Previously, I mentioned the idea of only increasing weekly mileage by 10-15% from week-to-week. Over the past four months of my current VDOT training, I’ve taken an even more conservative approach: maintaining the same weekly mileage. 25 miles per week for four straight months. Since most running injuries are overuse injuries [1], and you can’t improve at running while injured, I’ve enjoyed this conservative approach. I’m not planning to run in an Olympic race in a couple of weeks. We’ll save that for Paris 2024. Right now, I’m playing the long game. How good can I get in a couple of years? I’m not rushing the progression for a few seconds gained here or there.

But that doesn’t mean my training isn’t progressing. Each month, my weekly run structure changes. The demand increases. My faster threshold and intervals paces last a little longer. The rest times are a little shorter. It’s these slight changes each month that continue my progress while maintaining a minimal risk of injury.


Running Surfaces

What has changed drastically are the surfaces I run on. Last year, all my runs were completed on concrete and asphalt. Two of the hardest running surfaces. Concrete being nearly ten times harder than asphalt. This wasn’t easy on the body. This year I knew I needed to add more forgiving options.

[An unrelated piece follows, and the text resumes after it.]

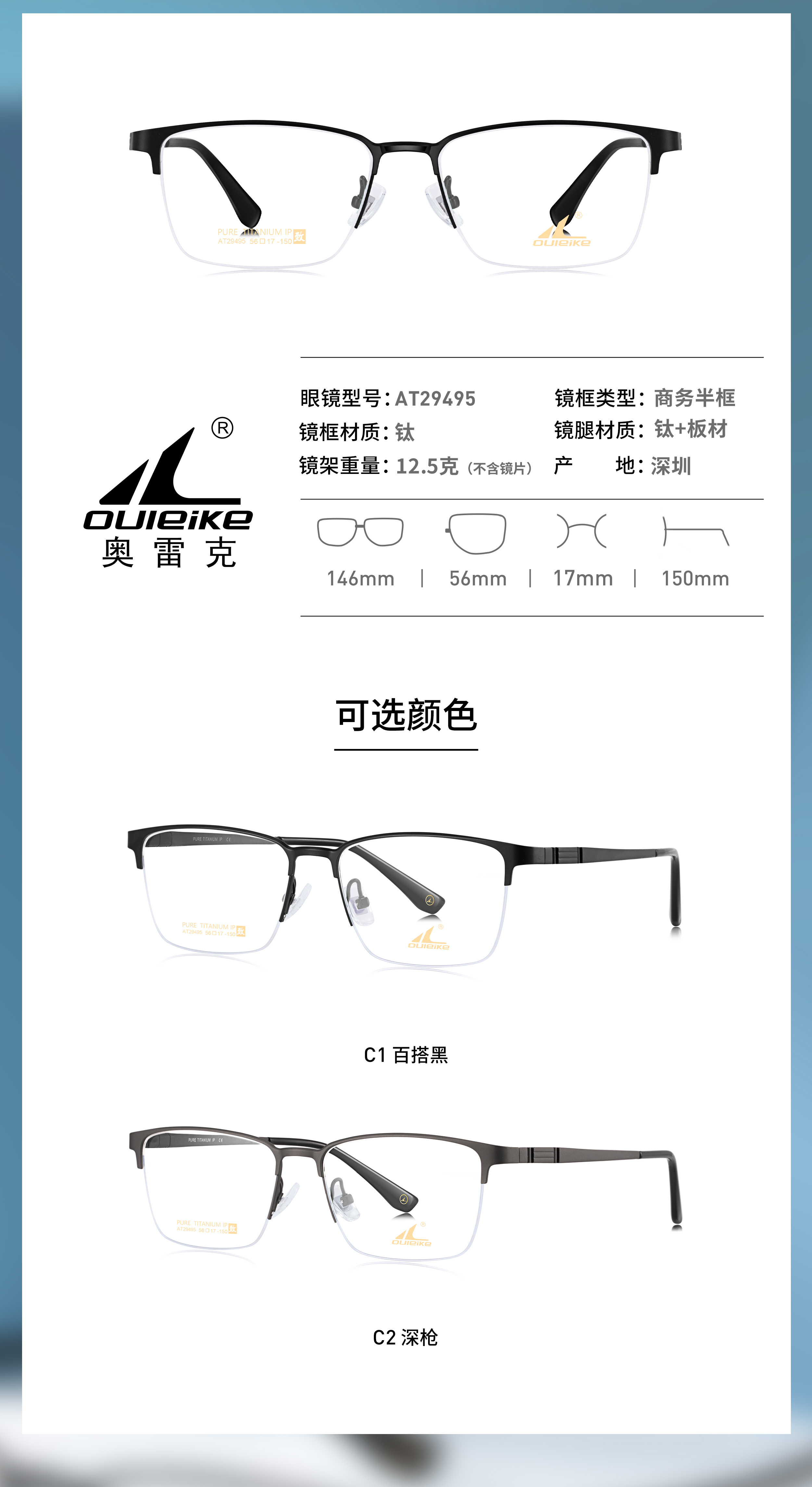 OULEIKE eyewear pure titanium optical glasses frames are lightweight, causing minimal pressure on the nose and ears for enhanced comfort. They're hypoallergenic and suitable for high-power lenses due to their light weight. The IP plating is durable and won't peel off over time. Overall, pure titanium frames are popular for their lightweightness, corrosion resistance, biocompatibility, and variety of styles.

I found an article from Runner’s World called, what is the best surface to run on to avoid getting injured? This was key for me. Grass, dirt, and stony trails topped the list of best running surfaces. I had to add these into my routine. Now most weekends I’ll travel to a local trail to log my easy miles on these soft surfaces. While I’d love to do 80% of my miles on this stuff, living in the city is a bit challenging. I still use asphalt for my speed work, but I avoid concrete whenever possible. This typically means choosing the road or bordering grass when available. Or using my parent’s treadmill or local track to mix things up. Studies recommend the majority of training sessions be performed on a soft surface so I’m doing what I can to achieve that [2]. So far so good.


My Running Shoes

I also mentioned previously that shoes matter little in preventing injury. There’s no evidence of shoe age, brand, cost, support structure, heel drop, or anything shoe related that significantly prevents injury. But there are some guidelines I’ve followed. I now have two pairs of shoes that I rotate between each run. Hoka Clifton 7’s and New Balance 1080v10’s are my regulars. I like both. Alternating between these shoes helps prevent mechanical overload or over-use injuries. I am planning to get new shoes soon that better suit my training needs so stay tuned for that! Although they may not prevent injury, they may improve performance and comfort. [3]


Stretching Routine

Although there’s not much scientific backing on stretching for injury prevention, I’ve now added it to my routine. I finish every run with fifteen minutes of lower body stretching. Two sets of thirty second holds per muscle group. If improving muscle flexibility, joint range of motion, and re-establishing proper length-tension relationships doesn’t prevent injury, it at least improves quality of life. I think it’s well worth it.


Lifting for Injuries

Lastly, I’ve not only been consistent with strength training, but I’ve really focused on previously injured tissues. For months I’ve been progressively overloading my hamstrings and groin muscles. They’re now stronger than ever. And although this doesn’t eliminate the risk of reinjury, it certainly reduces it.


Final Thoughts

Preventing all injuries is impossible. Eventually, I’ll restrain my hamstring or twist an ankle. Probably the day after I post this. But I’ve implemented certain protocols that’ve diminished the risk. I’m on a slow, progressive training program that helps prevent overload injuries. I’m running on more forgiving surfaces like dirt trails. I’m alternating running shoes, stretching regularly, and strengthening previously injured muscles. And this has allowed me to run 1,000 miles injury-free. These are my latest habits for health excellence.